::: Information supplied :::

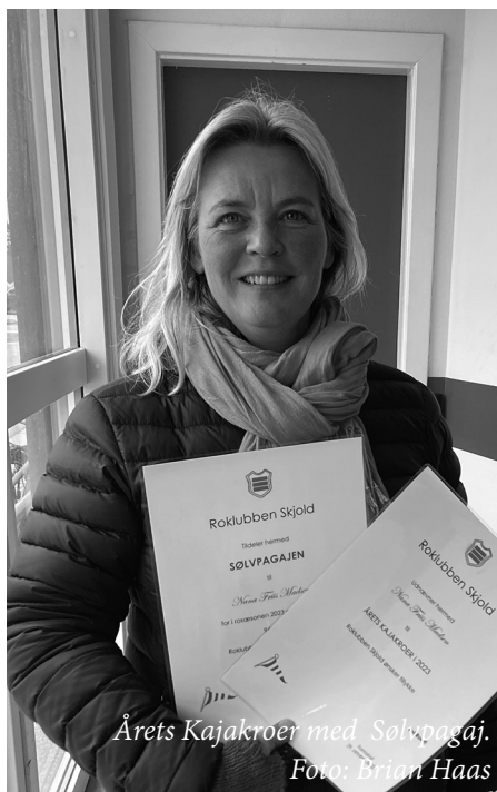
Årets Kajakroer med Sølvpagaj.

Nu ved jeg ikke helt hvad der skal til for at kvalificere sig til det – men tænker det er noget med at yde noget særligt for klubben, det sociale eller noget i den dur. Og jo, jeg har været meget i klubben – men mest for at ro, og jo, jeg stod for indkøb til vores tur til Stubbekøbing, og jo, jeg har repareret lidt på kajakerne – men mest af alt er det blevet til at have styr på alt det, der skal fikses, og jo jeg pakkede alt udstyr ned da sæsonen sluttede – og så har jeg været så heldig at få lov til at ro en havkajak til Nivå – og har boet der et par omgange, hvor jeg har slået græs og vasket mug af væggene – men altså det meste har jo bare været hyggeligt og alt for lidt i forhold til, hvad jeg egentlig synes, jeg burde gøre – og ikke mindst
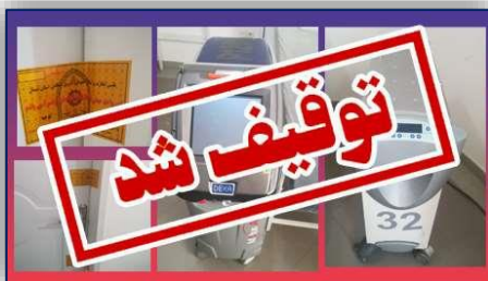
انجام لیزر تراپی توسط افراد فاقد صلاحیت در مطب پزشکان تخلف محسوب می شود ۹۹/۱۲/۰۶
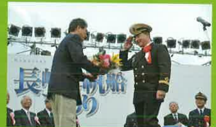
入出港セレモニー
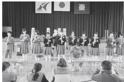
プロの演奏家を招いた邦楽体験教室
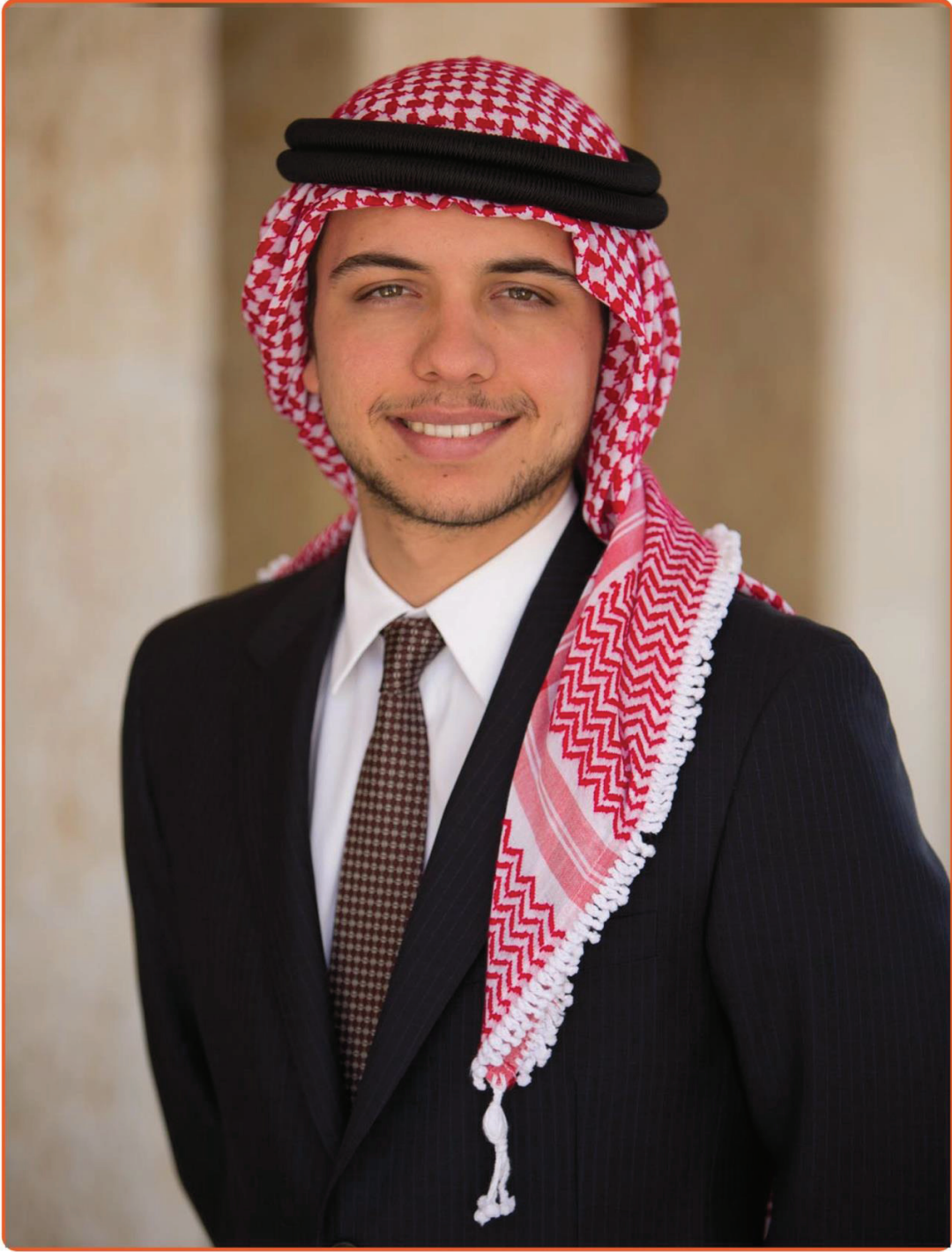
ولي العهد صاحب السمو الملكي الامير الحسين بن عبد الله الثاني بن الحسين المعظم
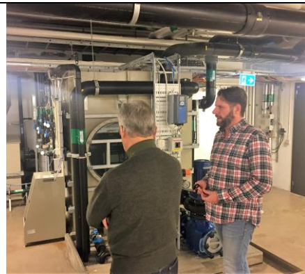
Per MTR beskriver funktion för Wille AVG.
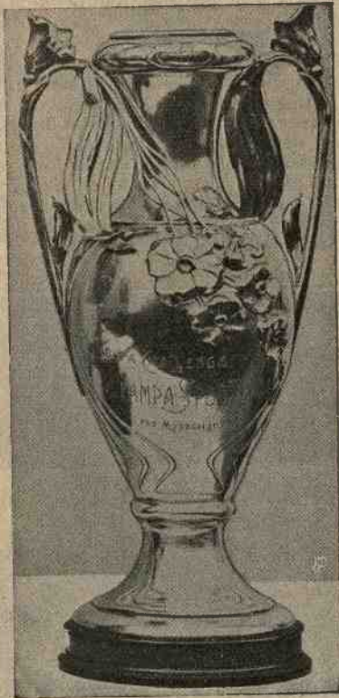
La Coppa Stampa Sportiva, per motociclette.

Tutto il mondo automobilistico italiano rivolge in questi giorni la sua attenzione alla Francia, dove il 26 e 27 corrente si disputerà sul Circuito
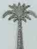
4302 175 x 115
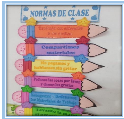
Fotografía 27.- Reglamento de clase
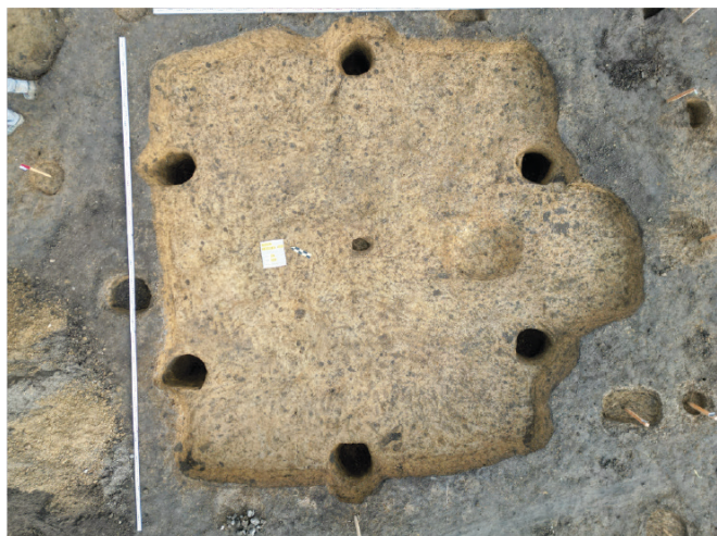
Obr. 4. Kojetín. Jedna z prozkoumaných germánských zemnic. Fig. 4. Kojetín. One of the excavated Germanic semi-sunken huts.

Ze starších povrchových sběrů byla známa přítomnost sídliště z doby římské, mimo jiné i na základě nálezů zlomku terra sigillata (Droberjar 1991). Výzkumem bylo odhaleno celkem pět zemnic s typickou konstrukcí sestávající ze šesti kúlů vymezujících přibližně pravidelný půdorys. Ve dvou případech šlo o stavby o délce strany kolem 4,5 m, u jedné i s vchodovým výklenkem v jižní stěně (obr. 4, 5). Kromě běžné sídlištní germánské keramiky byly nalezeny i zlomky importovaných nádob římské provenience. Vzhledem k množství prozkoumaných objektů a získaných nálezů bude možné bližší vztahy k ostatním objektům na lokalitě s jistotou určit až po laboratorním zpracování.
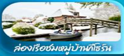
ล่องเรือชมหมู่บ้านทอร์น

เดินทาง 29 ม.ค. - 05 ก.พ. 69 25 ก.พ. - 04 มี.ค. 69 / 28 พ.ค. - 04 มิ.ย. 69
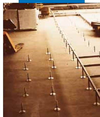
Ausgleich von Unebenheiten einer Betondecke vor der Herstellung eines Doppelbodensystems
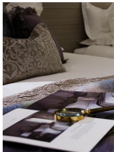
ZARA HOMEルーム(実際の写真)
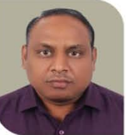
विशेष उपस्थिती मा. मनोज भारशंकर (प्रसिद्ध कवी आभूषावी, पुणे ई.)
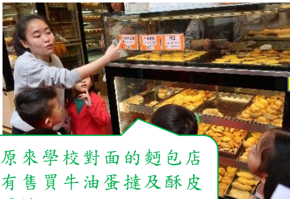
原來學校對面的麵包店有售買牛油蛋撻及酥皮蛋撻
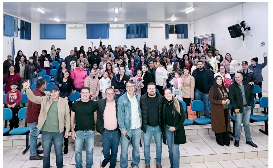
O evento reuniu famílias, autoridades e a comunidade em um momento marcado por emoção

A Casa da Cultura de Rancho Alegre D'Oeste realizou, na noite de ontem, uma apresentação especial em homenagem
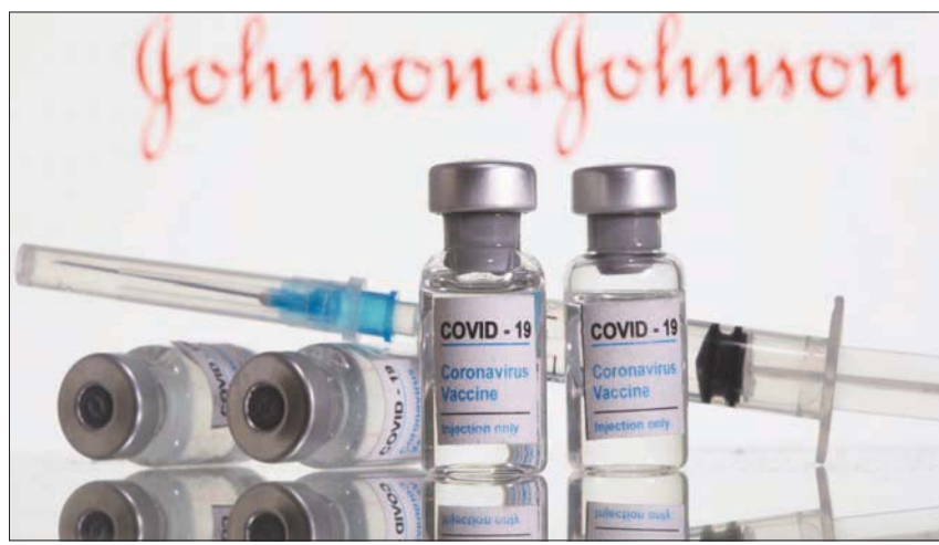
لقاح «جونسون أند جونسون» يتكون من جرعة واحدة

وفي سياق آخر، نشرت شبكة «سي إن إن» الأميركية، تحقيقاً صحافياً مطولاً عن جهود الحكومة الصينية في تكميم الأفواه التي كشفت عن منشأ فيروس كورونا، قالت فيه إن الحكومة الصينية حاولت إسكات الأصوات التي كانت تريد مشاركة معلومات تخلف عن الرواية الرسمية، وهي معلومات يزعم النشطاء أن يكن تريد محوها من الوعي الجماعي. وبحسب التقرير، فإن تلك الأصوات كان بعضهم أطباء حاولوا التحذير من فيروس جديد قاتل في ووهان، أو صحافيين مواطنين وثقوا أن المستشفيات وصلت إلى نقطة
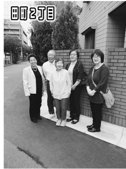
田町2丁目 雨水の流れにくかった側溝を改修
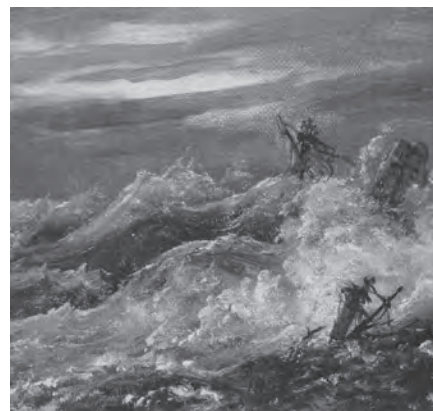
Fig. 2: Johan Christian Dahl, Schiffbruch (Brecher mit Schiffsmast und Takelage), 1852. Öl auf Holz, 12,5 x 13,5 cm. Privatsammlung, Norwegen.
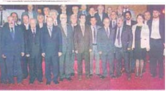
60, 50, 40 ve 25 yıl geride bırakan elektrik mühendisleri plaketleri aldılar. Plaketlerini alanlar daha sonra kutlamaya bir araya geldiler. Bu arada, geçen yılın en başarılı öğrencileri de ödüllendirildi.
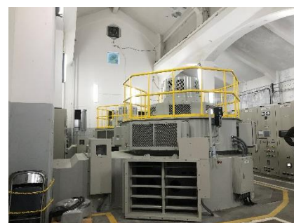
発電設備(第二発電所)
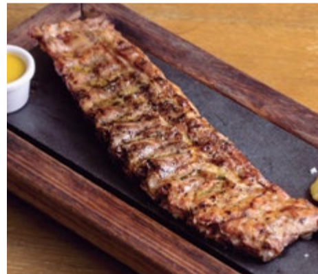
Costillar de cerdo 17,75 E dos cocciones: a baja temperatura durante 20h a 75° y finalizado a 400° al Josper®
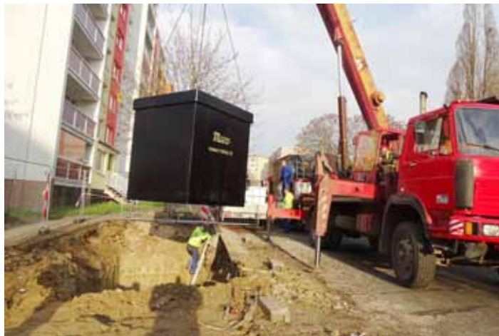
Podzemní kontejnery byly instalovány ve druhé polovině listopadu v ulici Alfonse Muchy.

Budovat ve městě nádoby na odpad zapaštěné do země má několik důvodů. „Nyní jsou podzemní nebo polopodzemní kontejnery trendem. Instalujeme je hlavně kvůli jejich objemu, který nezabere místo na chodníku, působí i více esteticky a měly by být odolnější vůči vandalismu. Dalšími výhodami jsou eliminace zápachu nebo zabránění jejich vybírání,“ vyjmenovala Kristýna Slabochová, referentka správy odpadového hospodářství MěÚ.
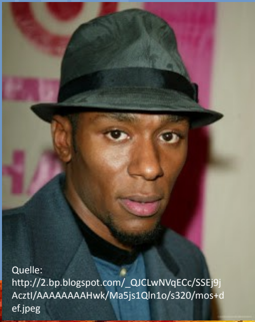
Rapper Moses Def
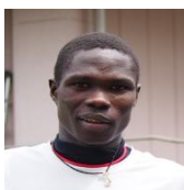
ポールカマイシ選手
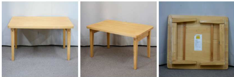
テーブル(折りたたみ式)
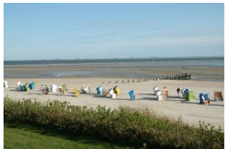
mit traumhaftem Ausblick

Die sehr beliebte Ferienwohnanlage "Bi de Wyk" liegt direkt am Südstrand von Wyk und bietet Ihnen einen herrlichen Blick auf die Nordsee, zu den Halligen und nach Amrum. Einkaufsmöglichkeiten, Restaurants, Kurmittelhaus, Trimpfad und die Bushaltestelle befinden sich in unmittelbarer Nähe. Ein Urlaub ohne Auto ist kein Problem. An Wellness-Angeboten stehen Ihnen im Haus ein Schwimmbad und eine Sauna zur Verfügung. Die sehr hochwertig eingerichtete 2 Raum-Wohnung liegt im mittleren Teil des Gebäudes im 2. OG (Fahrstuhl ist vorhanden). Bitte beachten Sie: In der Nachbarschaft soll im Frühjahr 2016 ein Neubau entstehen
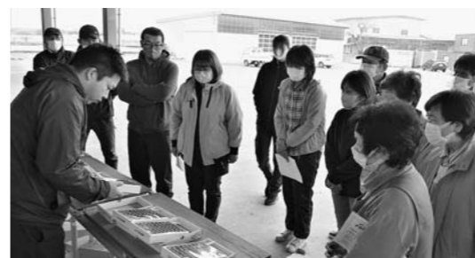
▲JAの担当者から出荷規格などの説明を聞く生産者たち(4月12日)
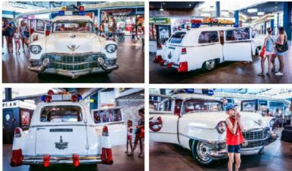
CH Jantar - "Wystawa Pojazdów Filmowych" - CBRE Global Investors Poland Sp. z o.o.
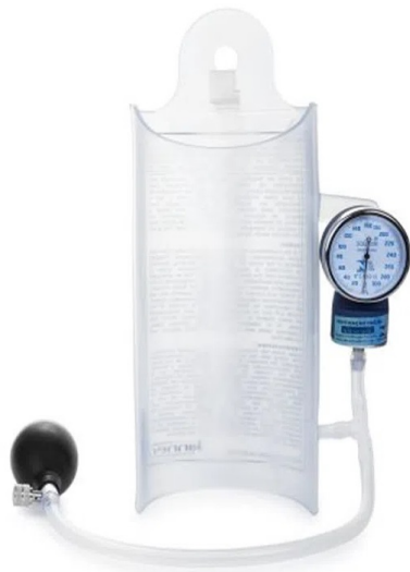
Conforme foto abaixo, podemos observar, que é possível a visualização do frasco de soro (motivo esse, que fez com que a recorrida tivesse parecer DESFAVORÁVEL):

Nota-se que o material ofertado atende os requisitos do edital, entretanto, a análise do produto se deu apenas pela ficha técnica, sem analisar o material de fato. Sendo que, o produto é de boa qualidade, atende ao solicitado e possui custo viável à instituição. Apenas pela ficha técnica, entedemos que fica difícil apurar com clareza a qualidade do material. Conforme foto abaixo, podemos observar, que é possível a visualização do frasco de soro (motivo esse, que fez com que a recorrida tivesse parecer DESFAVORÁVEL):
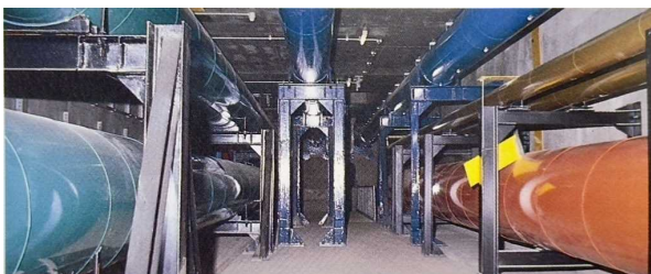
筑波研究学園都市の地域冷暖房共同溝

:::

Find the lines of the listing that contain the string "zemnic" and give how many there are, with no other words.

> Problem solution
2